Mark, Thanks for responding.
You are correct, when I arrow down on the tuner input I get "2" and can't go any further. I can arrow back up to "1" but no way will OTA show up...
Advanced Tech Support doesn't have an answer and I would like to at least get a feel if the software (1.43) will fix this problem or do I have a hardware issue. I can save and view OTA analog however. Is there any higher level people at DN that I can take this to?


----------



## anderdea (Jan 13, 2004)

frozenpenguin said:


> I would absolutely say this is a bug! I have a Pioneer Elite 610-HD which has a great "natural wide" mode I use to view 4x3 material. On my 6000, the SD is outputed 4x3 480i and the HD is outputed 16x9 1080i. My TV will lock on Full mode for HD and Natural Wide for SD. Is there no way to get the 921 to function the same way? Just so I understand correctly, if I select the 4x3 option in the display settings the 921 will squeeze HD output to 4x3 but it will still be 1080i?
> 
> Just to clarify a bit. I have my 6000 currently set to 16x9 and I've got the component and S-Video outputs of my 6000 plugged into input 2 of my TV. The TV will select and display whichever is the active source. When I select SD, I get a 4x3, 480i image from S-Video and my TV reverts to Natural Wide Mode. When I select HD, I get a 16x9 1080i image from the component and my TV Locks to Full mode, which is fine because I'm getting a correct aspect ratio. So I can't have this same setup with the 921 then?

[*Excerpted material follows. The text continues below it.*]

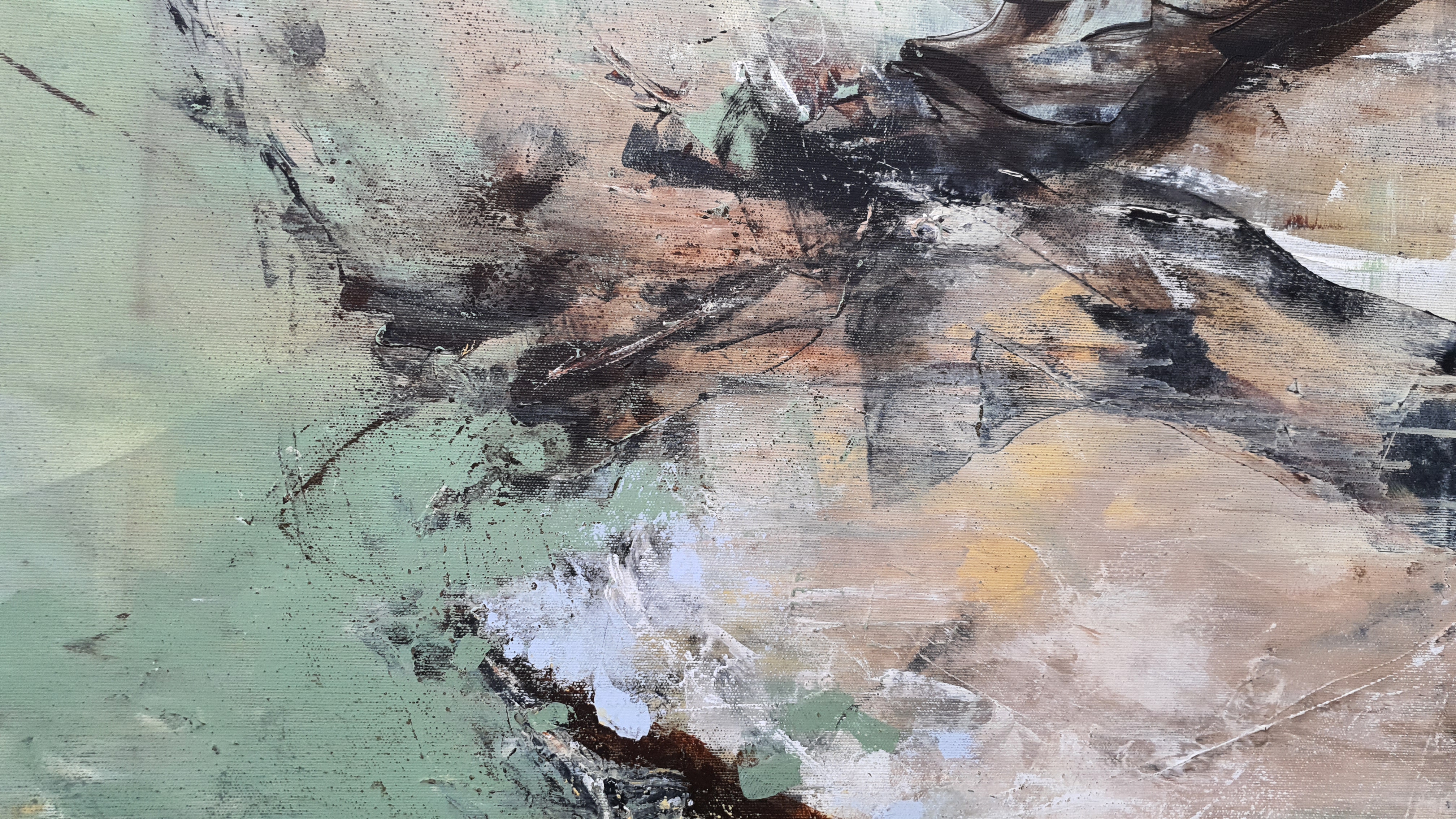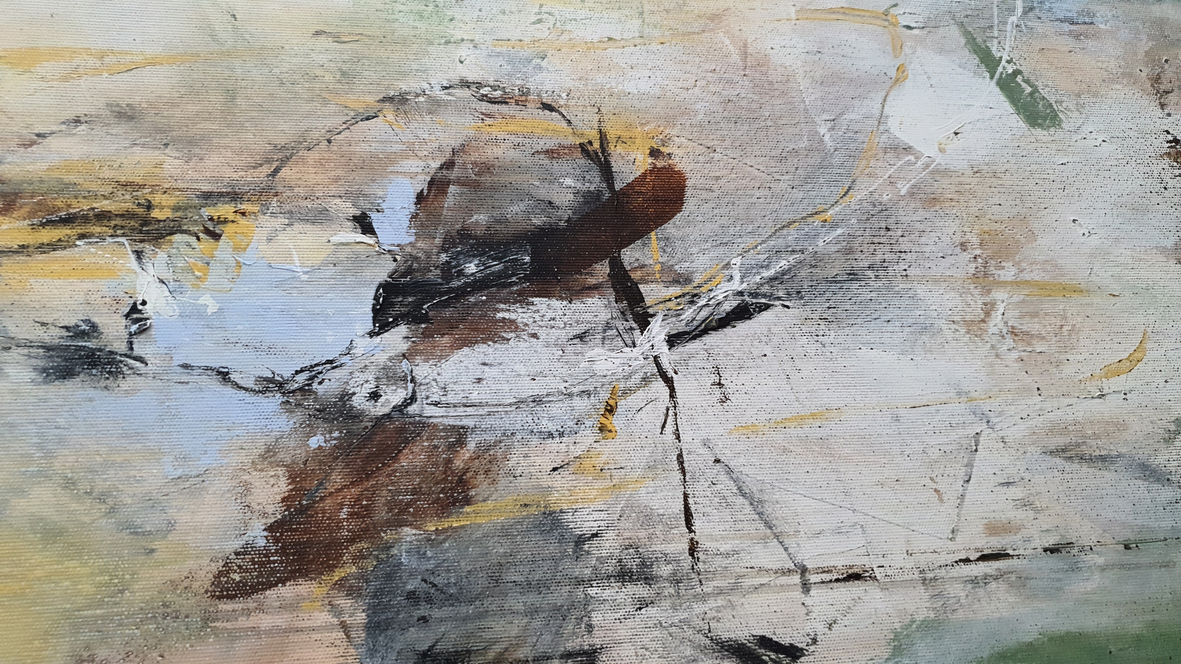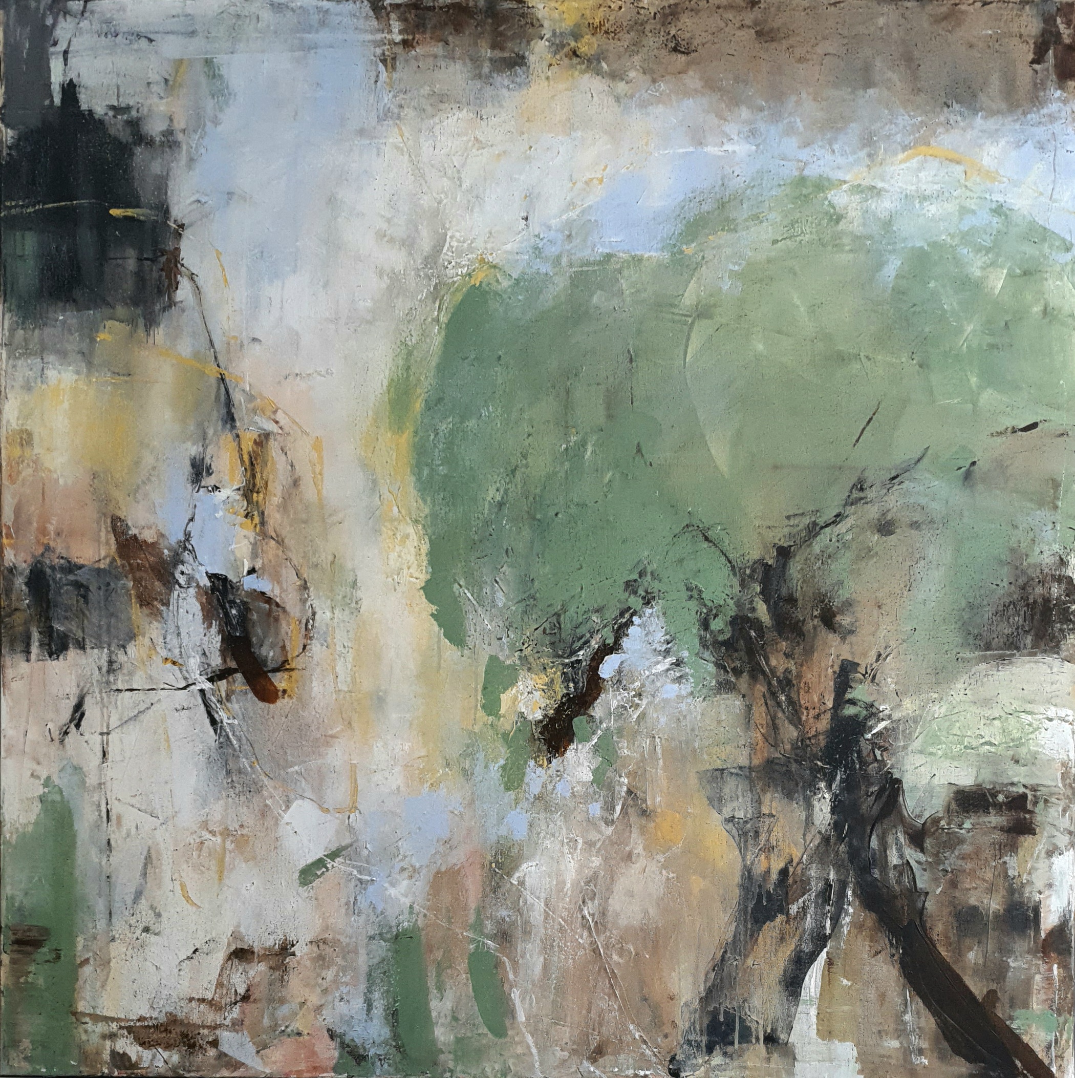 Na płótnie tańczą plamy szałwiowej zieleni, zgaszonych beży i szarości, przełamane żółtym światłem. Atmosfera mglista jak poranny spacer po ogrodzie, ciszę przenikają dzwięki, barwy i śpiew ptaków. Styl lirycznej abstrakcji, trochę ekspresyjny, trochę notatnik z emocjami. Czuć spokój jakby wracało lato z dzieciństwa. Niby chaos, a wszystko miekko się składa, oddycha i zostawia jakos ślad.

It doesn't appear that the 921 works like the 6000 as it doesn't have a dedicated "HD Setup" screen like the 6000. Also I don't believe that the 16 x 9 was ever activated on the 6000. I have been trying to get an answer on this forum also to determine if this is the way the 921 operates or it is a problem. I believe there is a known bug that when you return to SD on a 3X4 screen, it defaults to the stretch mode. What I do now is, before I shut down my projector, I go into "Display Setup" and change the mode from 16X9 or 3X4#2 (which seems to functuion properly with my projector) back to 3X4#1. When I turn on my direct view older 32" TV, other than the stretch bug, the sides aren't squeezed. I then push the "*" button on the remote to toggle to normal screen.

Don


----------



## Mark Lamutt (Mar 24, 2002)

anderdea said:


> Mark, Thanks for responding.
> You are correct, when I arrow down on the tuner input I get "2" and can't go any further. I can arrow back up to "1" but no way will OTA show up...
> Advanced Tech Support doesn't have an answer and I would like to at least get a feel if the software (1.43) will fix this problem or do I have a hardware issue. I can save and view OTA analog however. Is there any higher level people at DN that I can take this to?


Don, from that description, and your inability to lock onto any digital OTA signal, my thinking is the 8VSB tuner in your 921 is bad. Which will require RMAing your 921 for another one. I'm assuming that you've gone through the pull smartcard rebooting process and your 921 still can't lock onto digital stations or show you the off-air in the point dish screen.


----------



## Mark Lamutt (Mar 24, 2002)

anderdea said:


> It doesn't appear that the 921 works like the 6000 as it doesn't have a dedicated "HD Setup" screen like the 6000. Also I don't believe that the 16 x 9 was ever activated on the 6000. I have been trying to get an answer on this forum also to determine if this is the way the 921 operates or it is a problem. I believe there is a known bug that when you return to SD on a 3X4 screen, it defaults to the stretch mode. What I do now is, before I shut down my projector, I go into "Display Setup" and change the mode from 16X9 or 3X4#2 (which seems to functuion properly with my projector) back to 3X4#1. When I turn on my direct view older 32" TV, other than the stretch bug, the sides aren't squeezed. I then push the "*" button on the remote to toggle to normal screen.
> 
> Don


The 921 is the first Dish receiver to implement the 16x9 setting properly. There are a couple of bugs with the 4x3#1 setting, though, that I have communicated directly to the developers - one of which you mention in your post - switching from 16x9 mode to 4x3#1 mode increments the aspect ratio setting one step forward. Normal AR becomes Stretch, Stretch becomes Letterbox, Zoom becomes Gray Bars, Gray Bars becomes Normal. And the reverse is true also. This is not a problem with the 4x3#2 mode.


----------